While I agree that refcounts are unlikely to overflow 2**53, some uses of numbers-as-integers, like the bitwise ops, truncate them to 2**32, which is not safe from overflow. I doubt we have such code. But if it doesn't cost anything, using bigints simply avoids these hazards.

[FUDCo]

Are bigints more expensive than numbers? Where?

Computationally they are more expensive and in some cases substantially so (100x or more in some cases, though the really expensive operation is multiplication which we're mostly not doing). However, I seriously doubt that cost is significant in the contexts where we are using them, which are mostly simple counters. The big expense from my perspective is that they don't play nice with all the other APIs that expect numbers, which is an ongoing and irritating source of development friction. On the other hand, the benefit of having them in contexts like refcounts is zilch.

[erights]

Computationally they are more expensive and in some cases substantially so (100x or more in some cases, though the really expensive operation is multiplication which we're mostly not doing)

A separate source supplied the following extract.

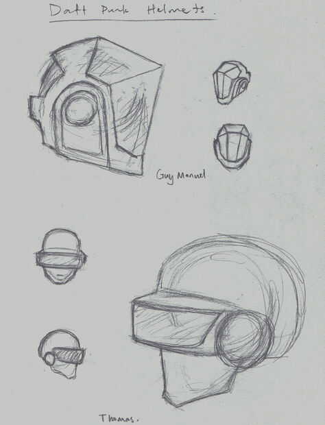 Primera imagen, la idea inicial. Tomé el casco de Guy-Manuel bastante extrema. Era diferente y original. Sin embargo, Thomas era un poco original.

For numbers in the same range? That's odd.

On the other hand, the benefit of having them in contexts like refcounts is zilch.

but...

While I agree that refcounts are unlikely to overflow 253, some uses of numbers-as-integers, like the bitwise ops, truncate them to 232, which is not safe from overflow. I doubt we have such code. But if it doesn't cost anything, using bigints simply avoids these hazards.

Small but not zilch.

[FUDCo]

We actually do use bitwise ops in the stores implementation, but it's specifically to do with fiddling with the binary encoding of 64-bit IEEE floats!